A Web Service to transform Excel files into XML files

Rationale and Context

A SME trading company uses Talend solutions to transform Excel files into XML files.
This transformation was found to be the most simple solution to ensure the interoperability between the different departments of the company. Indeed, if the use of Excel files is widely spread, some persons also need to work with a specific application, which works with XML files and a MySQL database. A Talend job was created to provide conversion and filtering means. This job was installed by the technical staff on all the machines, as a disguised batch script.
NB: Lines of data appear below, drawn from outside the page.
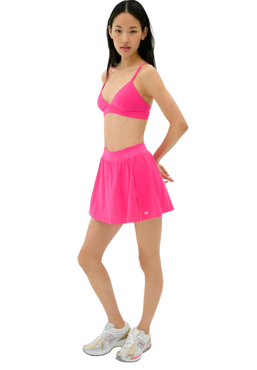 This tennis inspired skort is ready for your next workout or match. Our high-performance Rigor fabric is super soft with wicking and quick dry super powers and is now available in this summer pink in skort form.
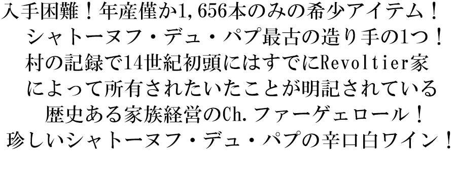 入手困難!年産僅か1,656本のみの希少アイテム!フランス高級ローヌ辛口白ワイン愛好家大注目!おいしくても価格が高いパプの固定概念を覆す、おいしくてリーズナブルな価格で提供する究極シャトーヌフ・デュ・パプで人気を博すシャトー・ファーゲェロールの珍しいシャトーヌフ・デュ・パプの辛口白ワイン!
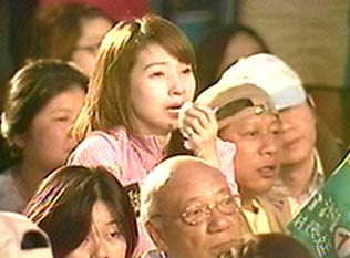 據(jù)臺(tái)灣東森新聞報(bào)道,雖然馬英九陣營(yíng)已自行宣布當(dāng)選,不過(guò)臺(tái)北市的長(zhǎng)昌總部仍有大批支持者留守,高舉旗幟、呼喊口號(hào)?吹街x長(zhǎng)廷慘敗,支持者在臺(tái)下忍不住拭淚,但仍努力打起精神,跟著民代大呼口號(hào),持續(xù)為民進(jìn)黨打氣加油。
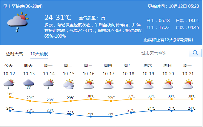 見圳客戶端·深圳新聞網(wǎng)2019年10月12日訊 據(jù)深圳市氣象臺消息,今日深圳多云,有輕微至輕度灰霾,午后至夜間轉(zhuǎn)陣雨,并伴有短時雷暴;氣溫24-31℃;偏東風(fēng)2-3級;相對濕度65%-100%
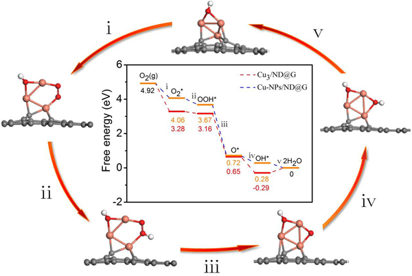 圖2. Cu3/ND@G各種中間體沿模擬氧化酶反應路徑的優化吸附構型和Cu3/ND@G、Cu-NPs/ND@G模擬氧化酶機理的自由能圖。灰色、棕色、紅色和白色的球分別代表C、Cu、O和H原子。
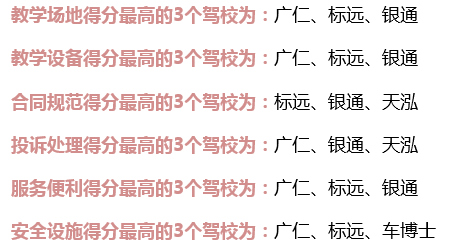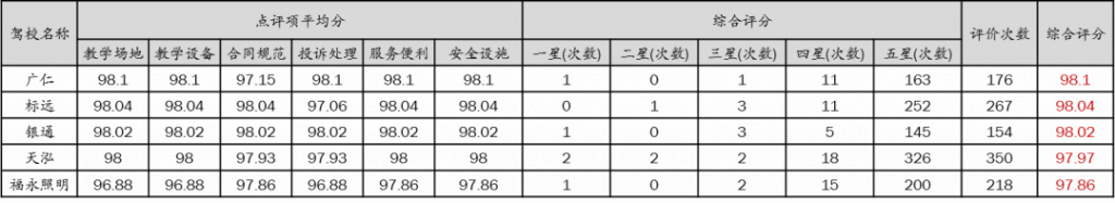 學(xué)員對駕校打分平均分為95.74分(滿分100分),與第三季度95.71分基本持平。其中,綜合評分最高的前5名駕校分別為:廣仁、標(biāo)遠(yuǎn)、銀通、天泓、福永照明。
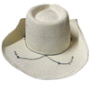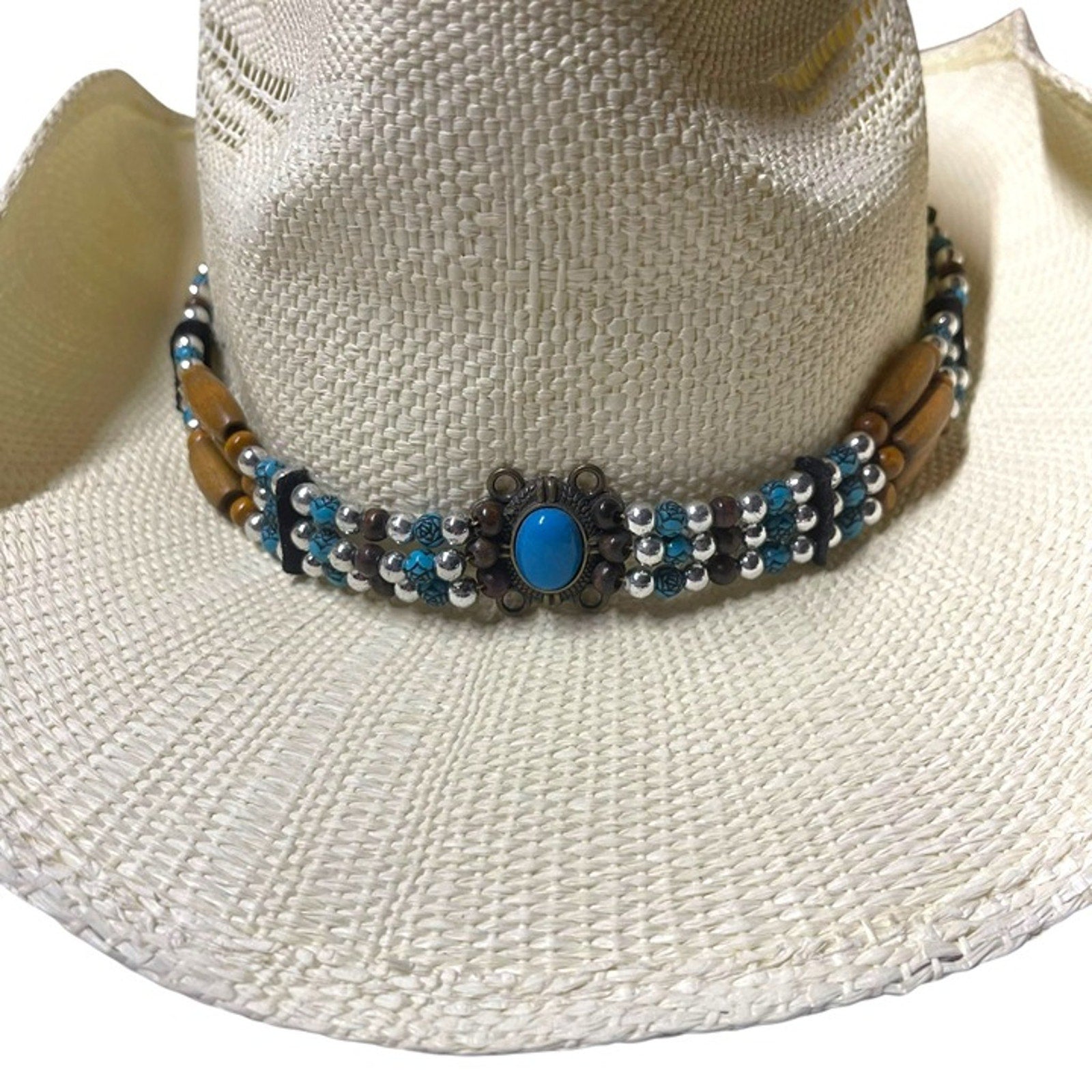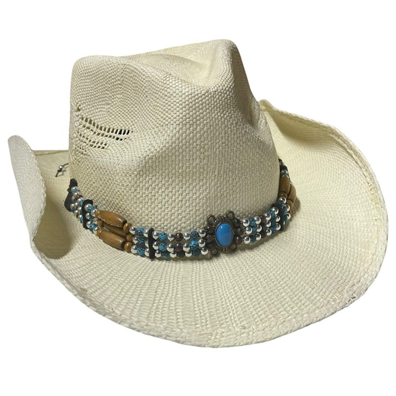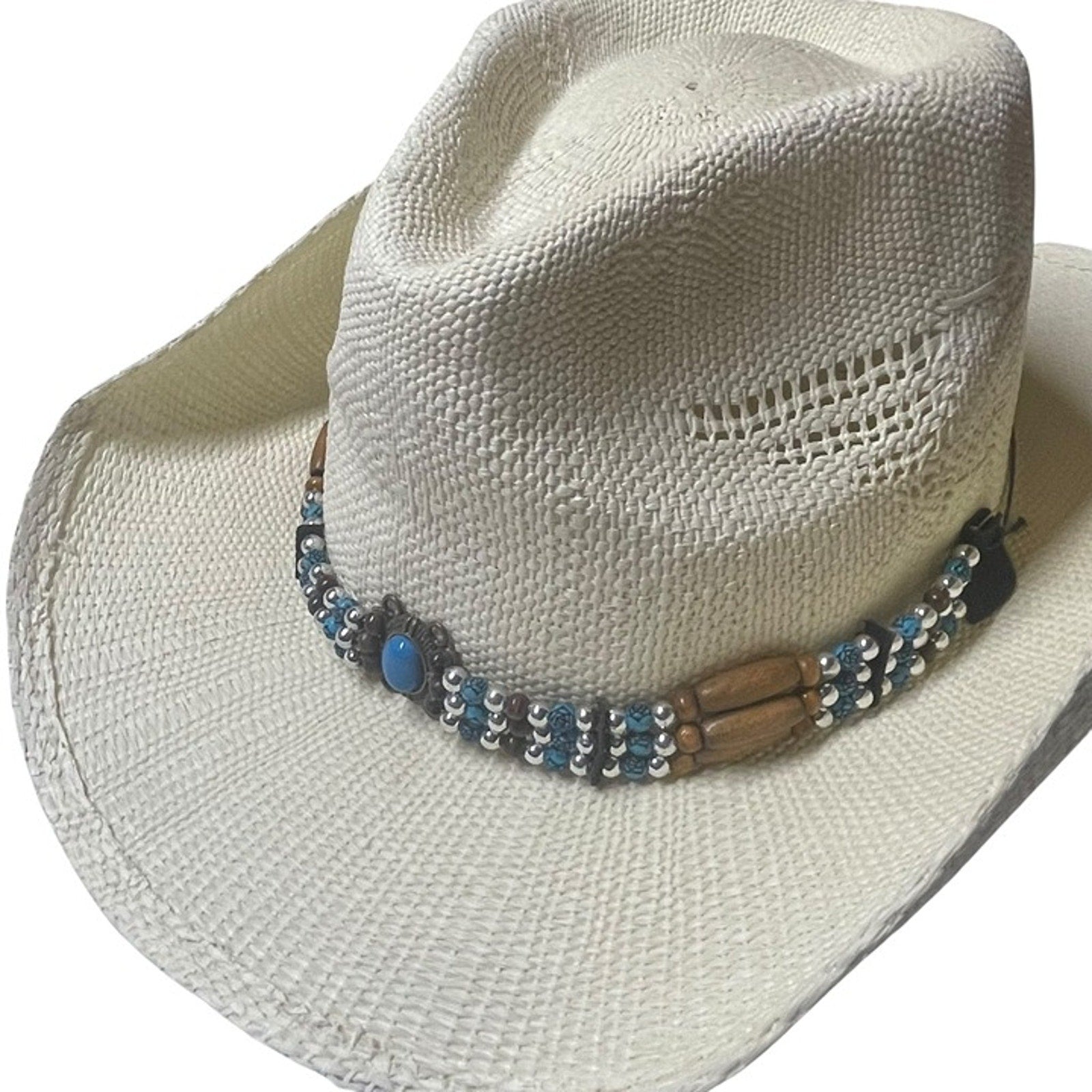Lightweight 100% straw cowboy hat with a turquoise & silver beaded hatband. Ventilated crown, wide brim, and one size fits most. Great for rodeos, concerts, or everyday western wear!
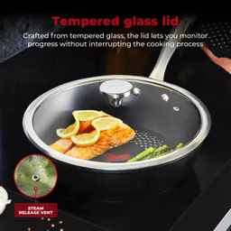 This 28cm multi-pan provides enough cooking space for family meals and entertaining, so you can serve up sizzling fajitas and flavoursome stir-fry dishes with ease. Crafted from tempered glass, the lid lets you monitor progress without interrupting the cooking process
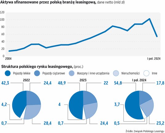 Od lat niezmienna pozostaje struktura finansowania aktywów przez firmy leasingowe. Największą część stanowią pojazdy – 73 proc., a następnie maszyny i inne urządzenia – 23 proc., inne transakcje razem z nieruchomościami to 4 proc. w tej strukturze. W I połowie 2024 r. firmy leasingowe sfinansowały pojazdy o wartości 39,9 mld zł (wzrost o 17,2 proc.), z czego na pojazdy lekkie przypadło 29,7 mld zł (wzrost o 32 proc.), a na ciężkie 9,6 mld zł (spadek o 14 proc.). Wyleasingowane maszyny i urządzenia miały wartość 12,6 mld zł (wzrost o 5 proc.), pozostałe ruchomości – 1,98 mld zł (wzrost o 5 proc.), a nieruchomości 0,29 mld zł (wzrost o 0,7 proc.).
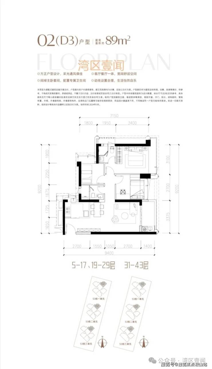 此次推售产品为53栋3单元 3梯5户/3梯4户 89/190㎡
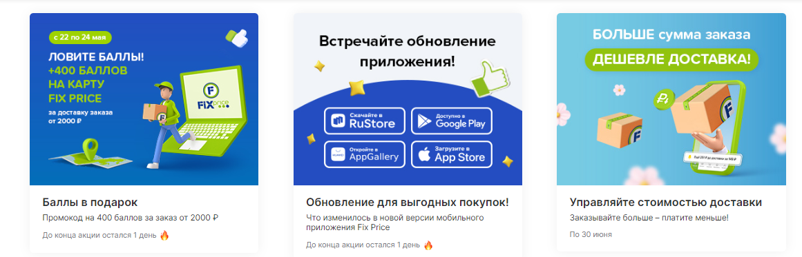- Участвовать в акциях и распродажах. Компания регулярно снижает цены на отдельные товары и на целые категории. Также проводятся всевозможные конкурсы, розыгрыши призов, спецпредложения по бесплатной доставке, удвоению баллов программы лояльности. Со всеми текущими акциями можно ознакомиться в специальном разделе сайта или приложения. Кроме того, они анонсируются в социальных сетях и рассылаются постоянным клиентам на электронную почту, в SMS и push-уведомлениях.

The company being in expansion, it was decided it would be more simple to expose the job through a single access point, rather than installing the job on each machine.

Solution

Overall solution

The retained solution was to expose it through a web application, that would call the job exposed a web service. The interest of the web service resides in the fact that add-ons and load-balancing facilities could be added later on, without redeveloping everything. Associated to the Talend target, these elements led to choose Petals ESB.

Thus, Excel files will be uploaded to the web application, which will then send them as attachment to the job.
The response will contain the resulting XML file as an attachment. The web application will then provide a link to download this XML file.

Petals Settings and Message Flows

Deployed configurations:

  1. One configuration for the Petals-SE-Talend, which embeds the job to execute. It exposes the job as a service inside Petals ESB.
  2. One configuration for the Petals-BC-SOAP component. It will expose the job as a Web Service outside Petals ESB.

Message flows:

If the web service is called from outside the bus, here are the different messages transiting in the bus.

  1. From Petals-BC-SOAP to Petals-SE-Talend: the input message.
  2. From Petals-SE-Talend to Petals-BC-SOAP: the response.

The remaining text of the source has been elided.